I think Daniel's estimate does include a pretty specific and plausible model of a path to AGI, so I take his the most seriously. My model of possible AGI architectures requires even less compute than his, but I think the Hofstadter principle applies to AGI development if not compute progress.

Estimates in the absence of gears-level models of AGI seem much more uncertain, which might be why Ajeya and Ege's have much wider distributions.

Oh, I didn't know the AI village agents had been set a goal including raising money. The goals I'd seen might've benefitted from a budget but weren't directly about money. But yes they would've been delighted if the models raised a bunch of money to succeed. But not if they took over the world.

Your point is growing on me. There are many caveats and ways this could easily fail in the future, but the fact that they mostly follow dev/user intent right now is not to be shrugged off.

I didnt' really review empirical evidence for instrumental convergence in current-gen models in that post. It's about new concerns for smarter models. I think models evading shutdown was primarily demonstrated in Anthropic's "agentic misalignment" work. But there are valid questions of whether those models were actually following user and/or dev intent. I actually think they were, now that I think about it. This video with Neel Nanda goes into the logic.

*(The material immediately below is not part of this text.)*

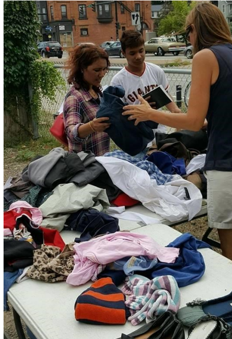
Free clothing is offered.

I think you're getting a lot of pushback because models currently do pretty clearly sometimes not follow either user or developer intent. Nobody wanted Gemini to repeatedly lie to me yesterday, but it did anyway. It's pretty clear how it misinterpreted/was mistrained toward dev intent, and misinterpreted my intent based on that training. It didn't do what anyone wanted. But would failures like that be bad enough to count as severe misalignments?

One of my in-queue writing projects is trying to analyze whether occasionally goingoff target will have disastrous effects in a superhuman intelligence, or whether mostly following dev intent is enough, based on self-monitoring mechanisms. I really think nobody has much clue about this at this point, and we should collectively try to get one.

Instrumental convergence for seeking power. Almost any problem can be solved better or more certainly if you have more resources to devote to it. This can range from just asking for help to taking over the world.

And the tales about how it goes wrong are hardly logical proof you shouldn't do it. There's no law of the universe saying you can't do good things (by whateer criteria you have) by seizing power.

This has nothing to do with mesa-optimization. It's in the broad area of alignment misgeneralization. We train them to do something, then are surprised and dismayed when either we got our training set or our goals somewhat wrong, and didn't anticipate what it would look like taken to its logical conclusion (probably because we couldn't predict the logical conclusion of some training on a limited set of data when it's generalized to very different situations; see that post I linked for elaboration)

We're not preventing powerseeking from ratings or any other alignment strategy; see my other comment.

It does show up already. In evals, models evade shutdown to accomplish their goals.

The power-seeking type of instrumental convergence shows up less because it's so obviously not a good strategy for current models, since they're so incompetent as agents. But I'm not sure it shows up never - are you? I have a half memory of some eval claiming power-seeking.

The AI village would be one place to ask this question, because those models are given pretty open-ended goals and a lot of compute time to pursue them. Has it ever occurred to a model/agent there to get more money or compute time as a means to accomplish a goal?

Actually when I frame it like that, it seems even more obvious that if they haven't thought of that yet, smarter versions will.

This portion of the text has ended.